Thursday, January 3, 2013

Being Overweight Is Not a Mortality Risk

In 2009 a study from Canada reported that slightly overweight people actually were at less risk of dying than people of normal weight (see this blog, July 9, 2009). That study generated a lot of controversy, understandably. One criticism was that the study included “only” 11,000 people, all of whom were Canadians; perhaps the results would not be not be generalizable to other populations.

Now a subsequent much larger study proves the Canadian study right. The most recent study is a meta-analysis of 97 separate studies of weight versus mortality that includes over 2.9 million people. The results show quite convincingly that people who were “overweight” by current government definitions (a Body Mass Index of 25-29.9) were 6 percent less likely to die over a given time period than persons of “normal” weight (BMI 18.5-24.9).
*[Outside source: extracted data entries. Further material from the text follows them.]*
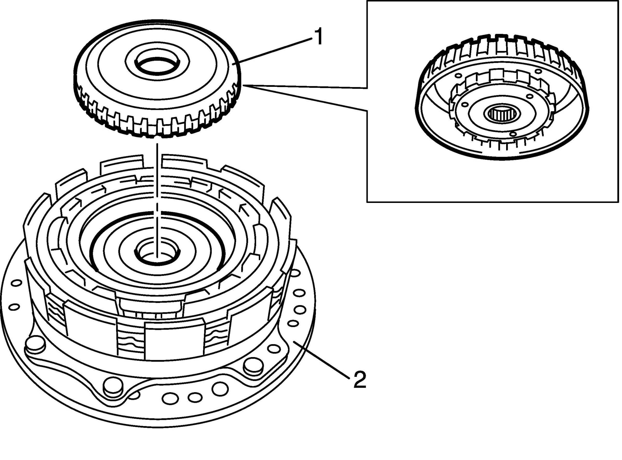 46. Place front planetary carrier rear thrust bearing race (1) onto planetary front gear (2).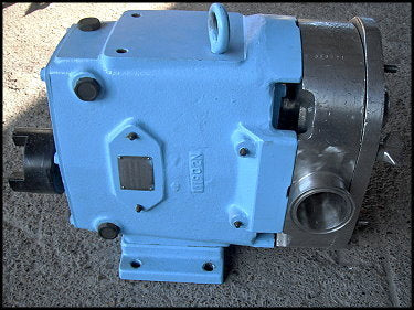 Waukesha Model 060 Positive Displacement Pump. S/N: 356771 04. Flow rate for a new pump is 90 gpm at max rpm of 600. Inlet/outlet: 2 ½ in. S-line fittings. Pump currently has O-ring seals. Pump seals can be changed and a drive can be added to suit your application, consult with your sales person. Overall dimensions: 1 ft. 8 in. L x 1 ft. W x 1 ft. 4 in. H.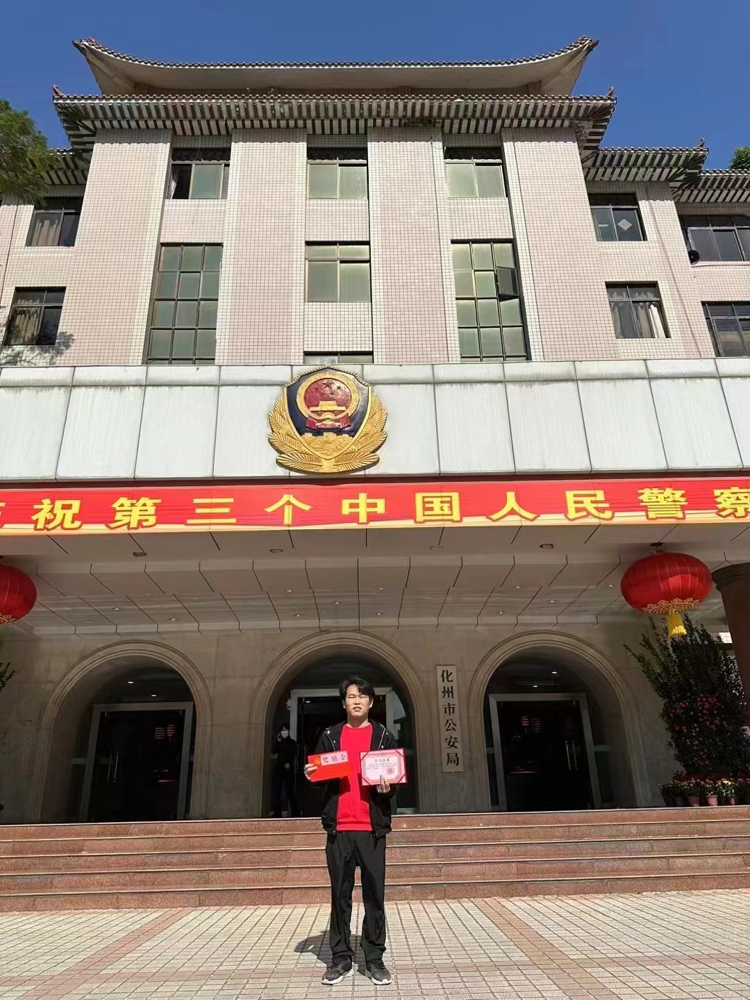 近日,化州市公安局隆重举行化州市“见义勇为”荣誉称号颁发仪式,我校经济管理系2021级商务英语专业黄卷同学获得该荣誉称号。

No one is suggesting that people should gain weight just to live longer. For one thing, mortality risk goes up dramatically for persons who are severely or morbidly obese. But the data do call into question the proper definition of “normal” or ideal weight. Perhaps the definitions of normal weight, overweight, and obesity need to be shifted ever-so-slightly to the right, towards slightly higher BMIs.

We may never have a true definition of “ideal” weight, because any such definition would probably have to take into account a whole host of other factors such as physical health and even happiness. But the current data does give one food for thought when it comes to understanding the meaning and value of government definitions of ideal weights.